Work instructions — Omit all images, then repeat exactly the lines below from the one containing "With chicken, buffalo" through the one containing "Fototapeta premium Tropical", both ends included.

Provided material —
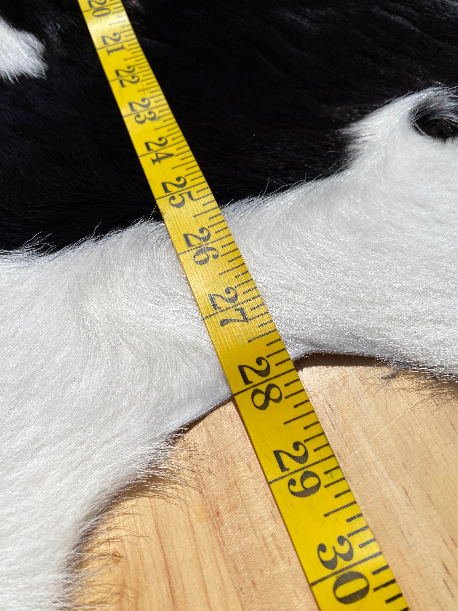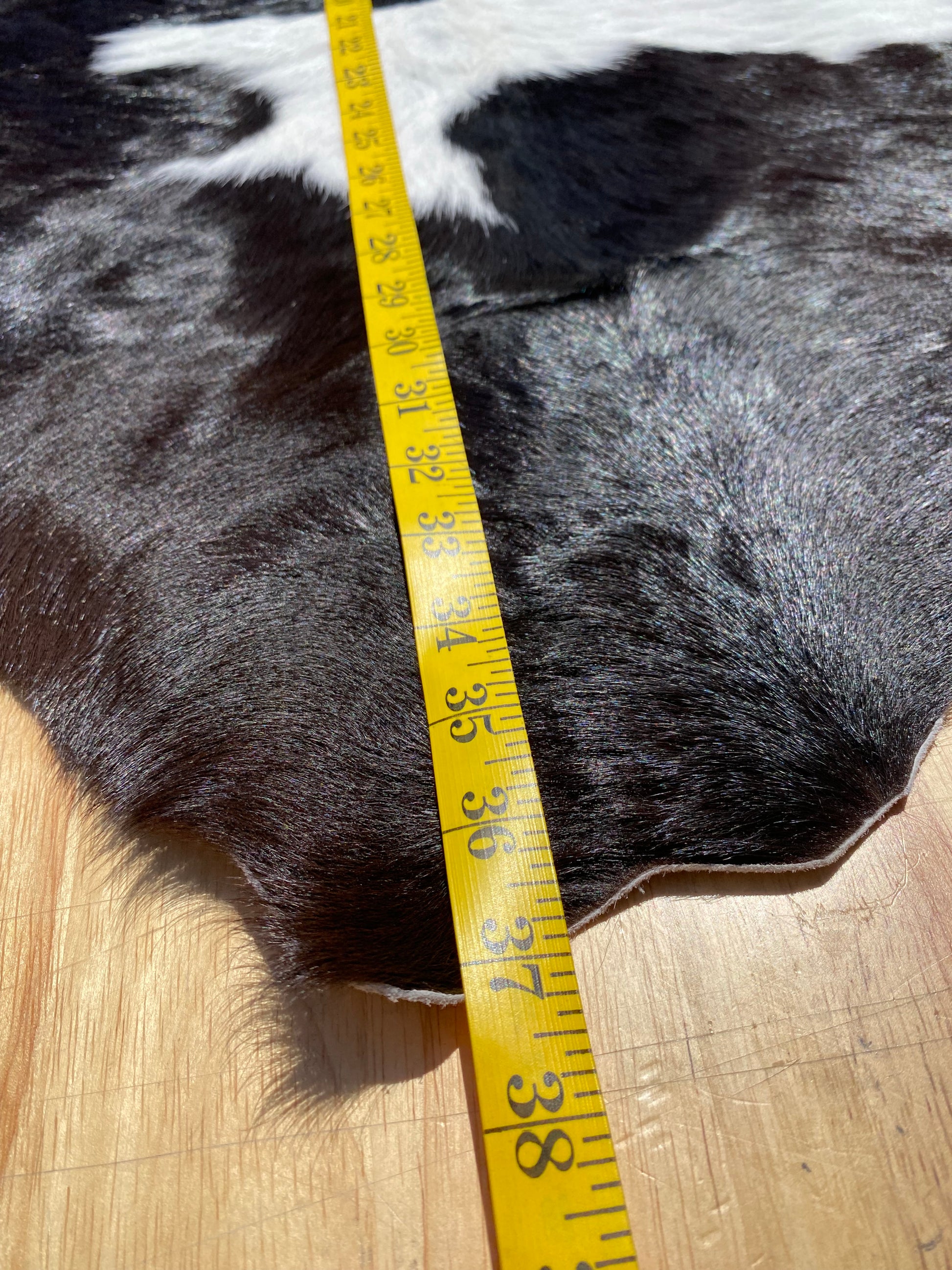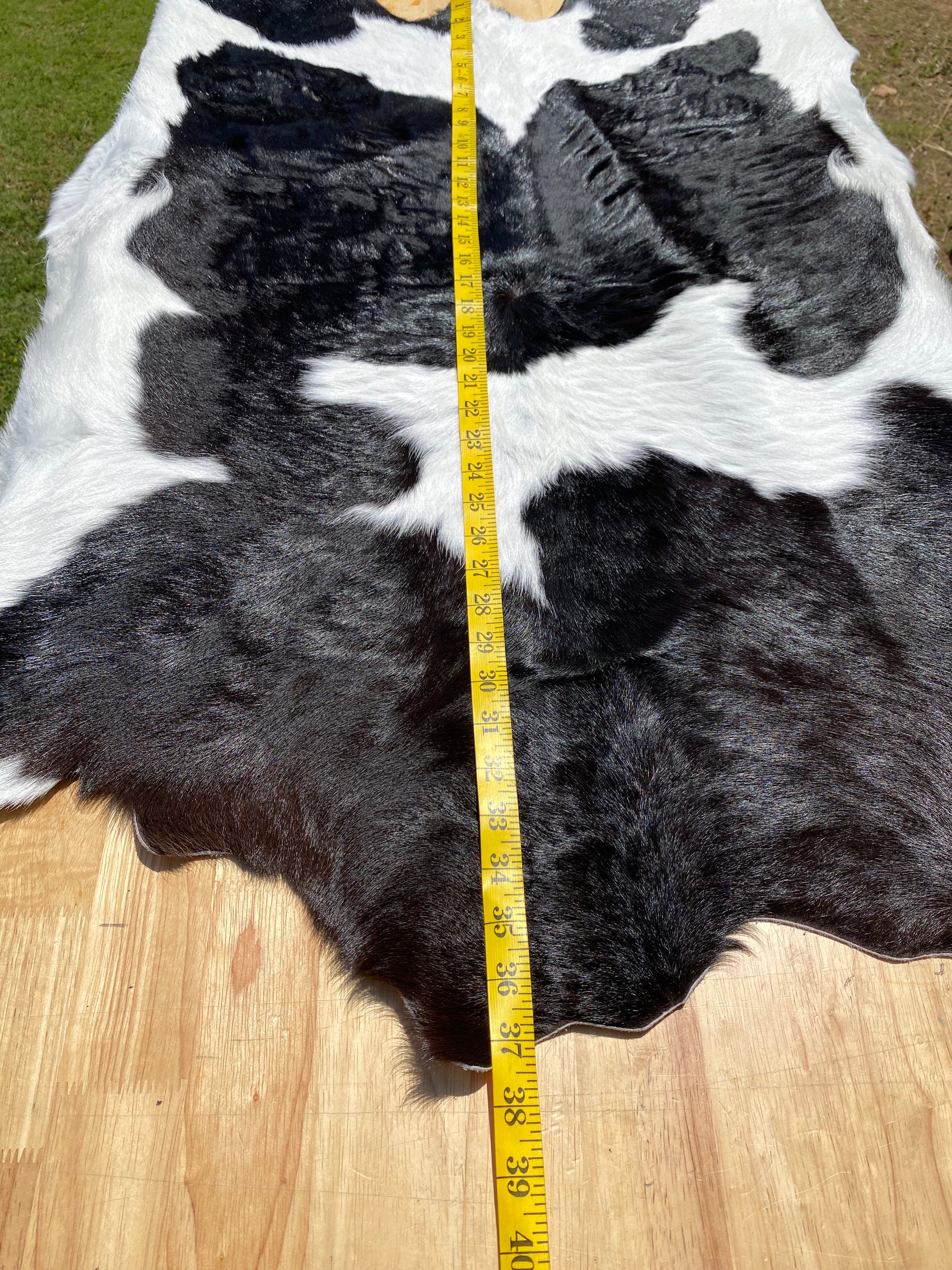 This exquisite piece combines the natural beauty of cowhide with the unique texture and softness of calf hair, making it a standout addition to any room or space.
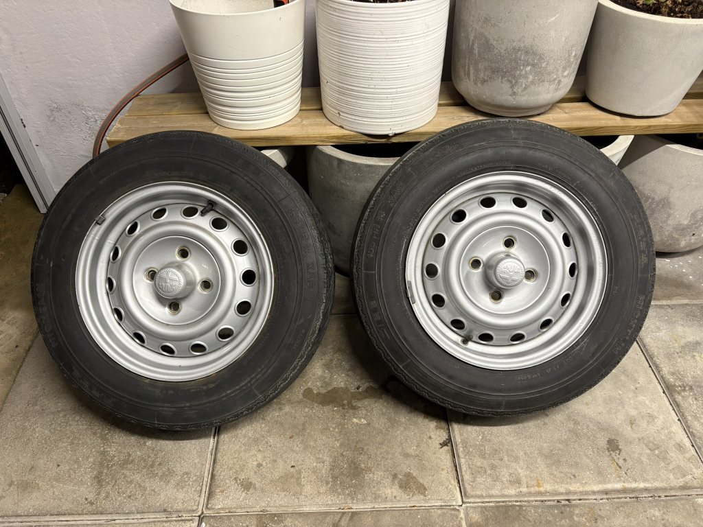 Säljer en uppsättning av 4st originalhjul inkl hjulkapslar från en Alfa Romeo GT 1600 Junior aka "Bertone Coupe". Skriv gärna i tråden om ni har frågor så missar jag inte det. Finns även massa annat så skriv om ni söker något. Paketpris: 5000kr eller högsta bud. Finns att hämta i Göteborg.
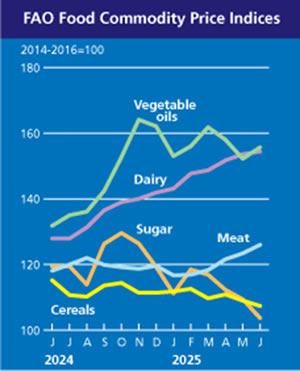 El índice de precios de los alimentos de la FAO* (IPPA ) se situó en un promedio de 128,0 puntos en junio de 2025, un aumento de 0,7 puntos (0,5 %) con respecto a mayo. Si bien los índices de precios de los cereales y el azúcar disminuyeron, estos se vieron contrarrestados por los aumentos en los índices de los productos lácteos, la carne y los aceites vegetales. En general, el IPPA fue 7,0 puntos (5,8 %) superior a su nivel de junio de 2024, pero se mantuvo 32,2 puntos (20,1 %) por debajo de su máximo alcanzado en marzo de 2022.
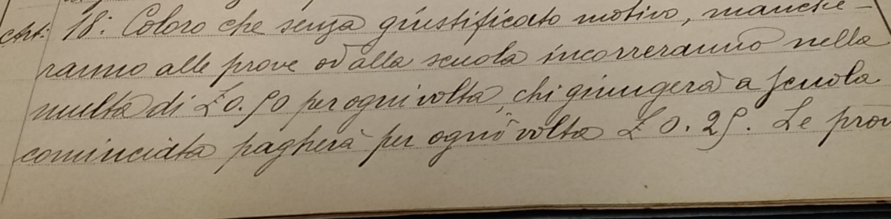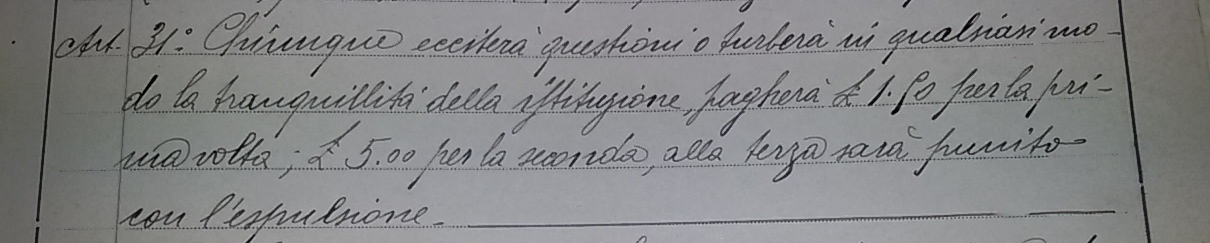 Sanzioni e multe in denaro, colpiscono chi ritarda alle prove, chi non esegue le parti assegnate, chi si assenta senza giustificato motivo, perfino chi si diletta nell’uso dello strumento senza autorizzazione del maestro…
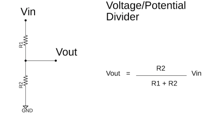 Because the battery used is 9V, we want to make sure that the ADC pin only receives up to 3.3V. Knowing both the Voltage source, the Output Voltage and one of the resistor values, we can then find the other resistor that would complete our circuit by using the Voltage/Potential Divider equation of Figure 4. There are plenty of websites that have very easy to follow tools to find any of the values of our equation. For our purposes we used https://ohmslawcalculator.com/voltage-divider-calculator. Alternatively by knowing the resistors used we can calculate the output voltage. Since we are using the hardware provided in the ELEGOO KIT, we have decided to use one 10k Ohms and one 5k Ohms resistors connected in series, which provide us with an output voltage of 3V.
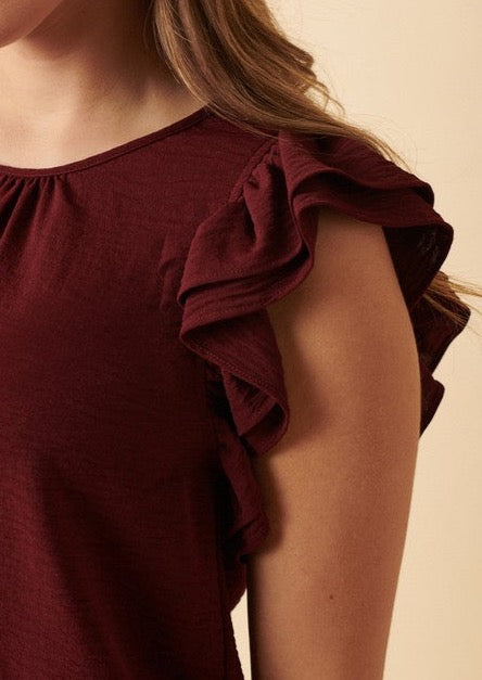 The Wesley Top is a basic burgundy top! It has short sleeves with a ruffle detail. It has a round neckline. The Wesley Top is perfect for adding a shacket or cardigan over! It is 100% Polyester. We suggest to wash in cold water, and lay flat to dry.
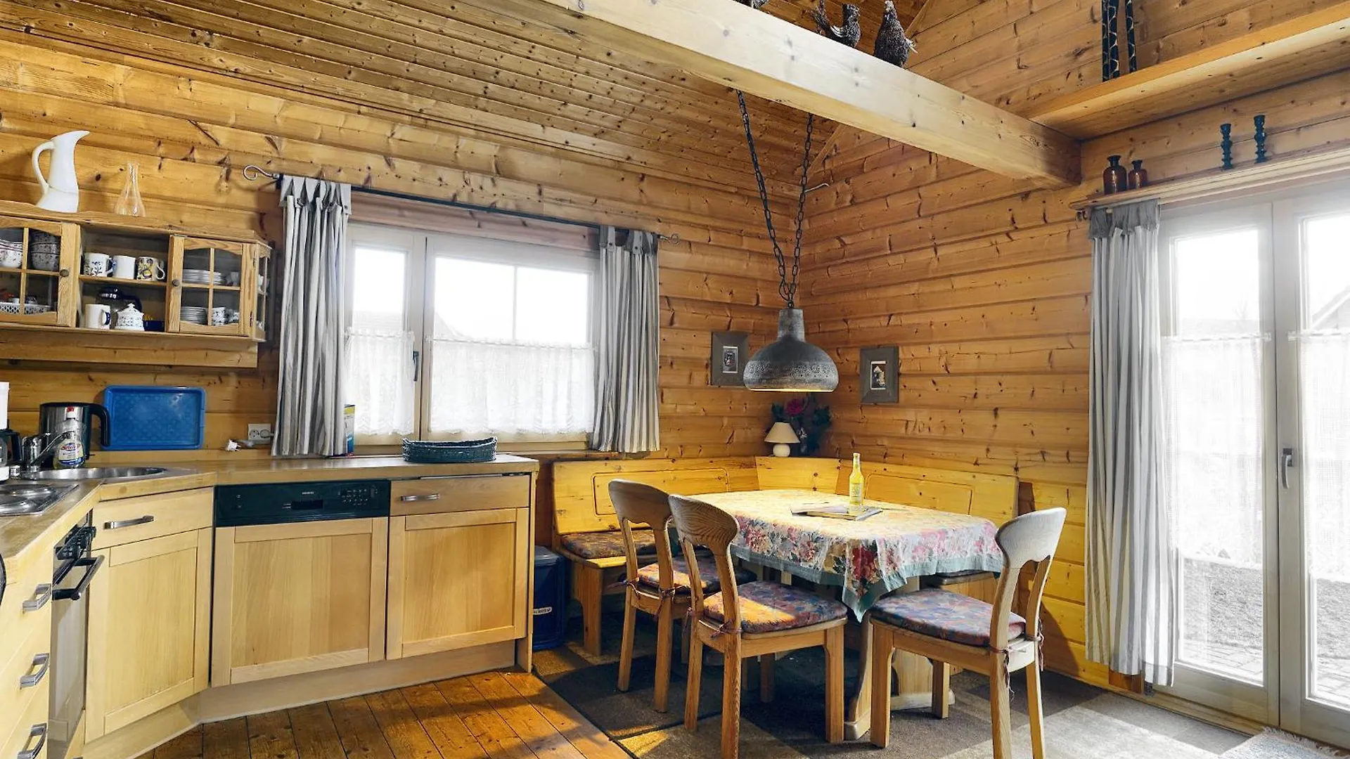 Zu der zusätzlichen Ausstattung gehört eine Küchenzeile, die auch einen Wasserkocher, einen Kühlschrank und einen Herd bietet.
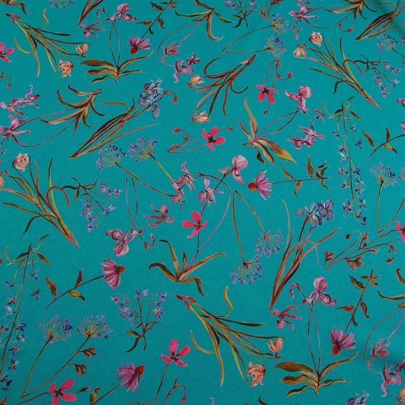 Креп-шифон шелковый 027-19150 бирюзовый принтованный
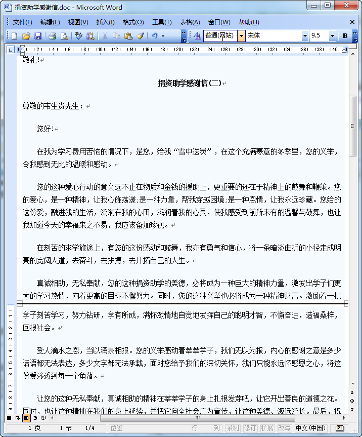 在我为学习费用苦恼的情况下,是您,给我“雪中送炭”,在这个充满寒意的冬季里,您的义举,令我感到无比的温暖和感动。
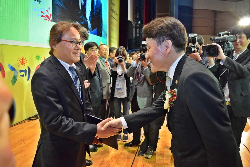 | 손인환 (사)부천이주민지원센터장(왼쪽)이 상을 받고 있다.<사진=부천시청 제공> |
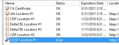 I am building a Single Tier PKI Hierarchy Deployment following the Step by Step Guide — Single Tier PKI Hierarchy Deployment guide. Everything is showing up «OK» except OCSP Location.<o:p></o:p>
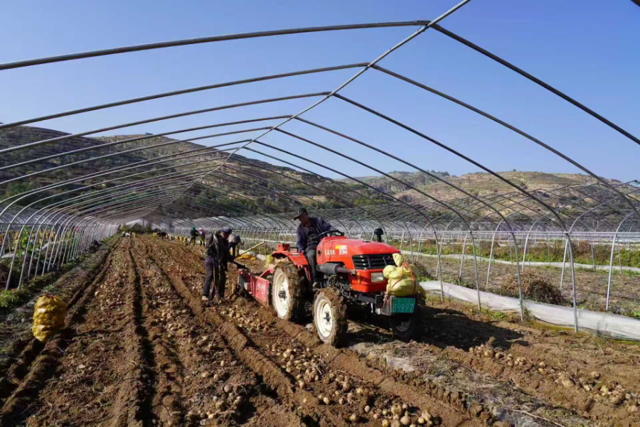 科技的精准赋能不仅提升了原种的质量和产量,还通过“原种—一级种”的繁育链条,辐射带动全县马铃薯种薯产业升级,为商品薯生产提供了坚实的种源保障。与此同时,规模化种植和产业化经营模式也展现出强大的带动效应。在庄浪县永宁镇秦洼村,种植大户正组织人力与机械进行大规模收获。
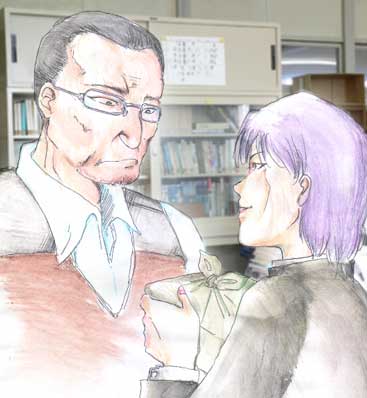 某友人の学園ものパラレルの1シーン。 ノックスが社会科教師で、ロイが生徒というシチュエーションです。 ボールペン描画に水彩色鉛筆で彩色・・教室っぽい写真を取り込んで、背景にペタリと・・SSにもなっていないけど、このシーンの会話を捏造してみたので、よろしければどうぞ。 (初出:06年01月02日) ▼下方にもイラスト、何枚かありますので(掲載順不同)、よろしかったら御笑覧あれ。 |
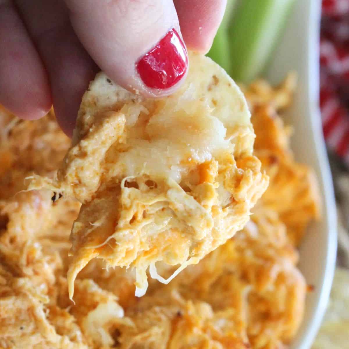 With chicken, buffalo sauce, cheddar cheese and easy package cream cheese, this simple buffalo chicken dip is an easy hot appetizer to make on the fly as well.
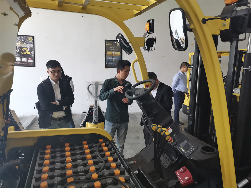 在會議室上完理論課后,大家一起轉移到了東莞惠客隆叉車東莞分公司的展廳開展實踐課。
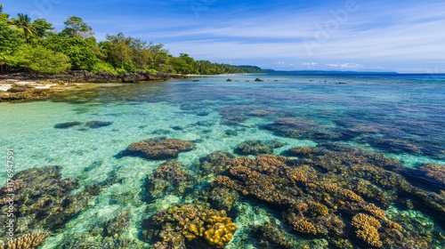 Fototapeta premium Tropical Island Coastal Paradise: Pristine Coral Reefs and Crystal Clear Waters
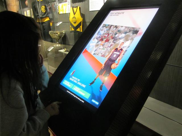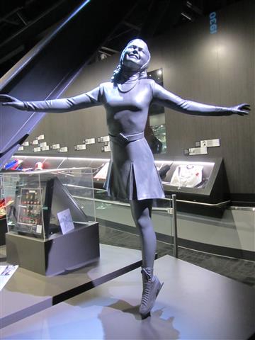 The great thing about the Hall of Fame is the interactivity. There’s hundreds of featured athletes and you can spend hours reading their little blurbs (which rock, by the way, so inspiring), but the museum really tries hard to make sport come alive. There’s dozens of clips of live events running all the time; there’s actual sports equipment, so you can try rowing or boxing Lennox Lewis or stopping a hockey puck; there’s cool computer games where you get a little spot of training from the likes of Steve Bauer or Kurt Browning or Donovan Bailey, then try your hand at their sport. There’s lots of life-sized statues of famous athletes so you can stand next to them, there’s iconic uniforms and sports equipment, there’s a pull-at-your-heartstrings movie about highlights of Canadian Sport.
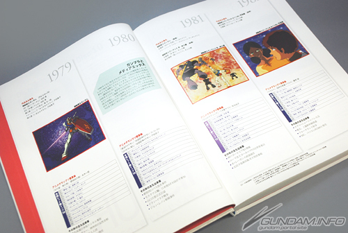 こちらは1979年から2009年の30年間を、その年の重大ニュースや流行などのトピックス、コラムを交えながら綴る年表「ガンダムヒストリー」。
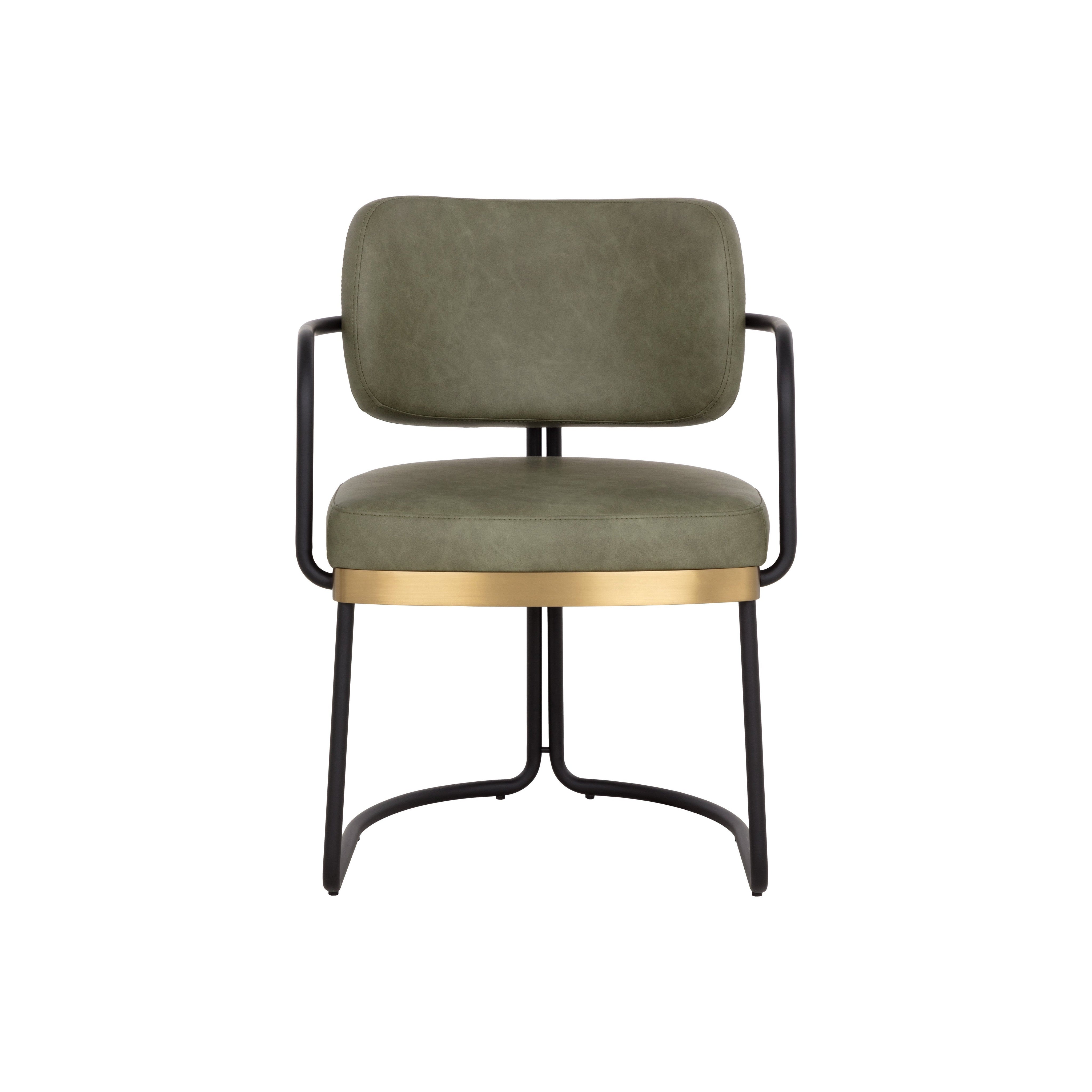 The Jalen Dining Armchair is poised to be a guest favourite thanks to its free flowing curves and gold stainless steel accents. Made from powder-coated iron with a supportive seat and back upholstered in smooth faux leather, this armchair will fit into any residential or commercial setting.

Exercise solution —
 With chicken, buffalo sauce, cheddar cheese and easy package cream cheese, this simple buffalo chicken dip is an easy hot appetizer to make on the fly as well.
 在會議室上完理論課后,大家一起轉移到了東莞惠客隆叉車東莞分公司的展廳開展實踐課。
 Fototapeta premium Tropical Island Coastal Paradise: Pristine Coral Reefs and Crystal Clear Waters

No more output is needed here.